In order to implement the current sharing feature, many studies have been conducted [3, 8-18]. In [3], the multiple sensors and controllers are employed to control the individual phase current in real-time. Reference [8] proposes the simple RC network circuit to measure the multiple phase currents, and the current sharing control is applied. However, the methods mentioned above essentially require multiple current sensors which increase the implementation cost and the measurement error caused by uneven sensor gains. On the other hand, the current sensorless techniques have been proposed to implement the current sharing performance without any current sensors [10, 11]. Reference [10] implements the current sensorless method to achieve the current sharing as well as the efficiency improvement. However, this method cannot be directly applicable to current control applications such as battery chargers. In [11], the small signal perturbation technique is implemented to estimate the phase currents without current sensors. However, this method has a problem with low dynamic performance due to delays caused by the perturbation and measurement.
To overcome these limitations of the previous methods, single current sensor techniques have been arisen for the interleaved multiphase dc-dc converter applications where both the voltage and the current control are necessary. In fact, using a single current sensor has been issued in the inverter applications [12-15]. Recently, the single current sensor techniques have been also studied for the multi-phase dc-dc converter applications [16-18]. In [16], only one current sensor is employed at the dc-link to measure the phase currents of multiple phases. However, this method requires the additional switch modules to guarantee the current measuring operation. In [17], the dc-link current is measured, and the phase currents are reconstructed for the interleaved two-phase dc-dc converter. However, this method cannot be directly applied for multiple phases where the number of the phases is greater than two. Recently, in [18], a single current sensor strategy where the current reconstruction is guaranteed in a PWM switching cycle is proposed for the interleaved four-phase dc-dc converter.
This paper proposes a single current sensor method for the interleaved three-phase bidirectional dc-dc converter. In this paper, the method proposed in [18] is modified for the three-phase bidirectional dc-dc converter.
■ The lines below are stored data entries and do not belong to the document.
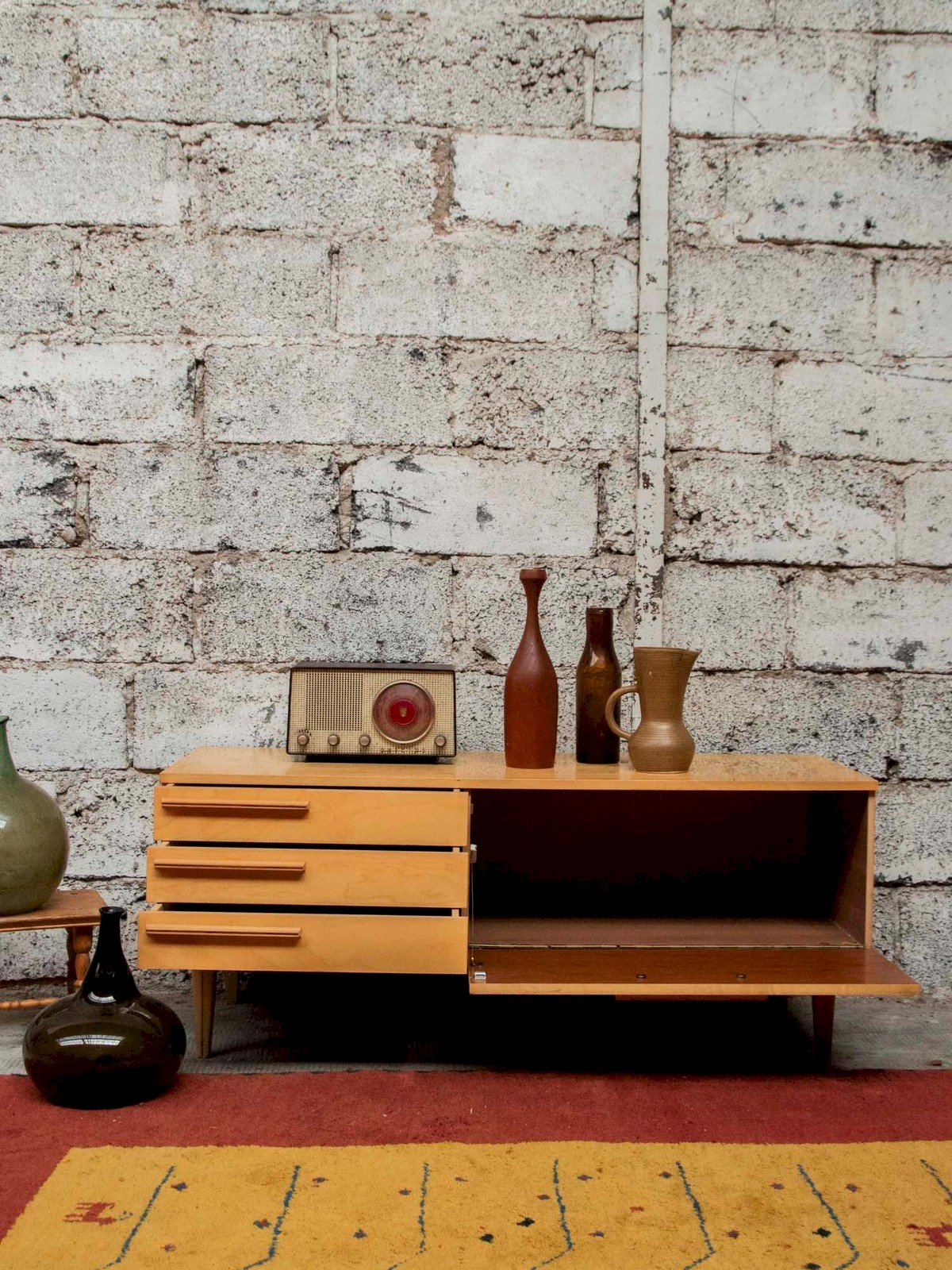 Discover this charming little light wood sideboard, perfect for adding a touch of softness to your interior. Equipped with three practical drawers and a drop-down cabinet, it offers a valuable storage space, although the opening mechanism may be a bit stiff. Its small straight legs and wooden handles add a note of artisanal elegance. With its slightly damaged top, this piece reveals timeless charm and a story to tell. Length: 125 cm Width: 47 cm Height: 50 cm Drawer height: 6 cm Niche height: 27 cm A brief history of the sideboard: The first Scandinavian sideboards made their appearance in the 1950s. The Scandinavian-style sideboard is part of the innovative post-war furniture. Its airy lines and straight volumes reflect the sober style inspired by modernism, incorporating all the characteristics of Norwegian, Swedish, Finnish designers, etc. The Scandinavian sideboard is crafted using traditional cabinetry, typically made of teak wood. It is used as a replacement for the traditional dining room buffet and now serves as a console. For a stylish and pleasant living room, the sideboard is the perfect piece of furniture! Condition: Used: Item has been used. Item shows some superficial signs of wear... Used: Item has been used. Item shows some superficial signs of wear, fully operational and functioning correctly. It may be a demonstration model or an item returned to the store after a short period of use, with possible imperfections. Brand: Debongout Type: Curated product Material: Wood Style: Contemporary Custom: Sideboards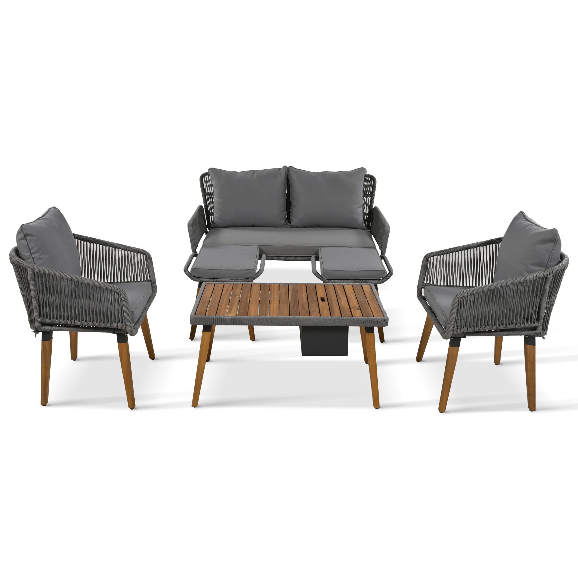 K&K 6-Piece Rope Patio Furniture Set, Outdoor Furniture with Acacia Wood Cool Bar Table with Ice Bucket , Deep Seat Patio Conversation Set with Two Stools for Backyard Porch Balcony (Grey) SK000005AAE-djyc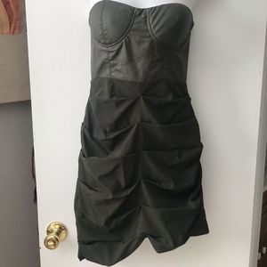 This army green dress is zipper back with beautful soft pleats on the botton and sexy bodice like vegan leather top. It is also a-cymetirical

The proposed method consists of the current reconstruction and individual phase current control. In the proposed current reconstruction algorithm, a single current sensor is placed at the dc-link, and the current sensor output is sampled at either the peak or the valley point of the pulse-width modulation (PWM) carrier regularly. To the obtained current information, the current reconstruction algorithm is applied according to the duty reference of the controller output. By using the reconstructed phase current information, the digital current controller is easily applied to balance the currents in each phase. In addition to this, the modeling and the control of the three-phase dc-dc converter have been carried out. To do this, both the z-domain modeling and the type 3 controller design have been detailed. The effectiveness of the proposed method is verified by the simulations and the experiments based on a 3kW three-phase bidirectional dc-dc converter prototype for the battery charging application.
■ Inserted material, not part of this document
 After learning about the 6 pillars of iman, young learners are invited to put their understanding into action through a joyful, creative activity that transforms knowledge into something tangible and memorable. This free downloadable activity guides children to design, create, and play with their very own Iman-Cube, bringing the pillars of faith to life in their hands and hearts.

2. Proposed Current Reconstruction Method
2.1 Fundamental characteristics of the dc-link current
Fig. 1 shows the three-phase interleaved bidirectional dc-dc converter. In the figure, the single current sensor locates between the switching legs and the dc-link capacitor to measure the dc-link current idc. Table 1 shows the relationship between the switching functions, Sa, Sb, and Sc, and idc. When a switching function is 1, the upper switch of the corresponding switching leg is turned on. On the other hand, the lower switch is turned-on when the switching function is 0. It should be noticed that the upper and the lower switches are complementary working.
Fig. 1.Three-phase interleaved bidirectional dc-dc converter with a single current sensor: (a) Sa=1, Sb=0 and Sc=0; (b) Sa=0, Sb=1 and Sc=1.
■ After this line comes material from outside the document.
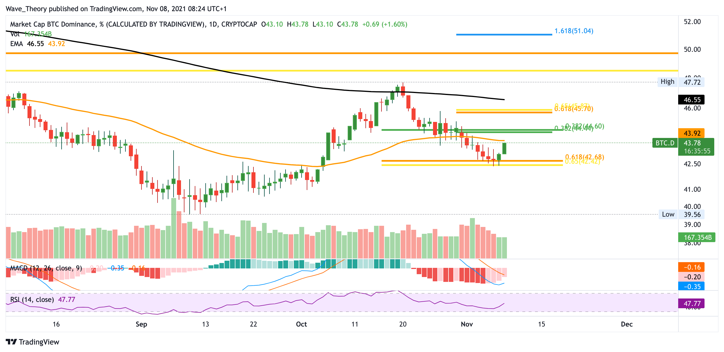 Bitcoin Dominanz prallt an Golden Ratio Unterstützung ab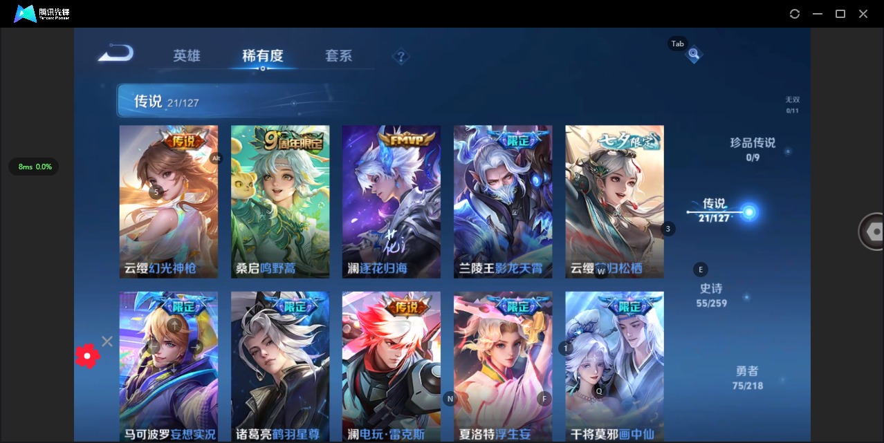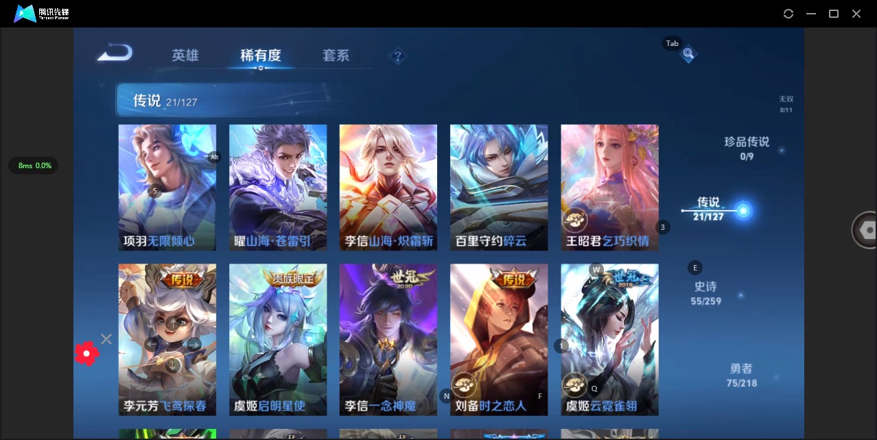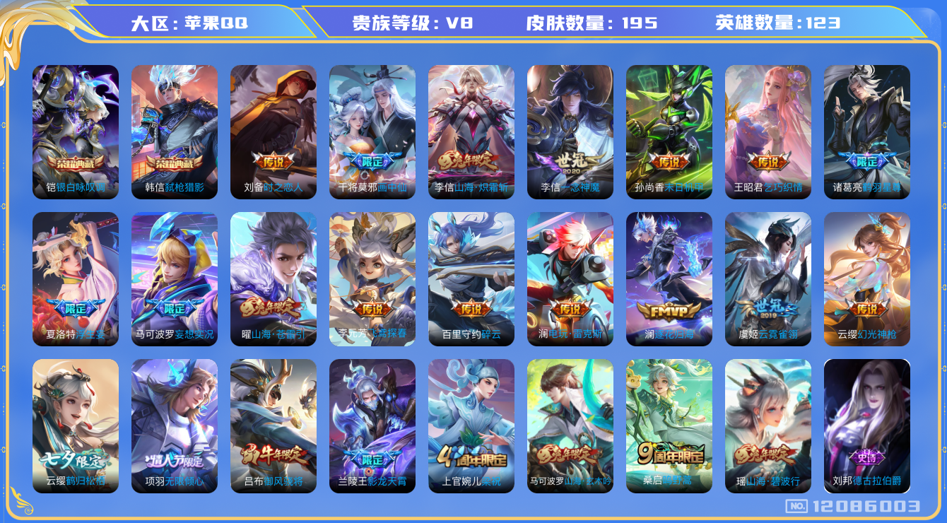[12086003]V8 2典藏 21传说 123英雄 195皮肤 可修改实名 女号 优质装备:银白咏叹调(倪克斯侍卫),弑枪猎影(韩信典藏),一念神魔,云霓雀翎,末日机甲-孙尚香(绿蚂蚱),飞鸢探春,乞巧织情,时之恋人-刘备(电焊工),碎云,山海·炽霜斩(李信年限),山海·苍雷引(电光曜子),画中仙,浮生妄,电玩·雷克斯,鹤羽星尊,妄想实况,鹤归松栖(云缨),澜逐花归海 传说皮:幻光神枪 珍宝阁皮:万物之道 限定皮:鸣野蒿,山海·碧波行(瑶年限),无限倾心-项羽,影龙天霄,梁祝,御风骁将(吕布年限),山海·玄木吟(马可年限) 史诗皮:鸭鸭历险记-刘禅,龙之律动,石田雨龙,东方月初,琥珀纪元伽罗,特工魅影,电玩·兔顽号,匿光破解者,电玩·爆裂旋风,真我赫兹(镜),浮梦罗烟,真我赫兹(百里守约),鹤归松栖(赵怀真),匿光侦查者,江河有灵,百解令(蒙犽),偶像歌手,冰冠公主,末日机甲-吕布,猫狗日记-孙策,乱世虎臣,修罗,女仆咖啡,摇滚巨星,水果甜心,德古拉伯爵,暗隐猎兽者,鬼剑武藏,舞动绿茵,拒霜思,月团寄思,水晶猎龙者,曙光守护者,箭羽风息,金属风暴,圣诞狂欢,圣诞恋歌,鹰眼统帅,暗夜贵公子,赏金猎手,未来纪元-赵云

Table 1.The relationship between the switching function and the dc-link current
The relationship between the dc-link and the phase currents is simply written as,
where ia, ib, and ic represents each phase’s current. Eq. (1) shows that the dc-link current can be represented by the combinations of the switching functions and the phase current.
It means that each phase current can be reconstructed from idc as long as the switching function is known. For example, suppose that Sa = 1, Sb = 0 and Sc = 0. Then, idc reflects phase a current ia. (see Fig. 1(a) and Table 1). For the next, if the switching functions are Sa = 0, Sb = 1 and Sc=1, idc corresponds the sum of phase b and phase c currents as shown in Fig. 1(b) and Table 1.
Fig. 2 illustrates the switching function, the phase current and idc according to the ranges of the output duty cycle when the system operates as a buck converter. In the case of Fig. 2(a) where the output duty reference d is lower than 0.333, each phase current is shown up at idc in relays.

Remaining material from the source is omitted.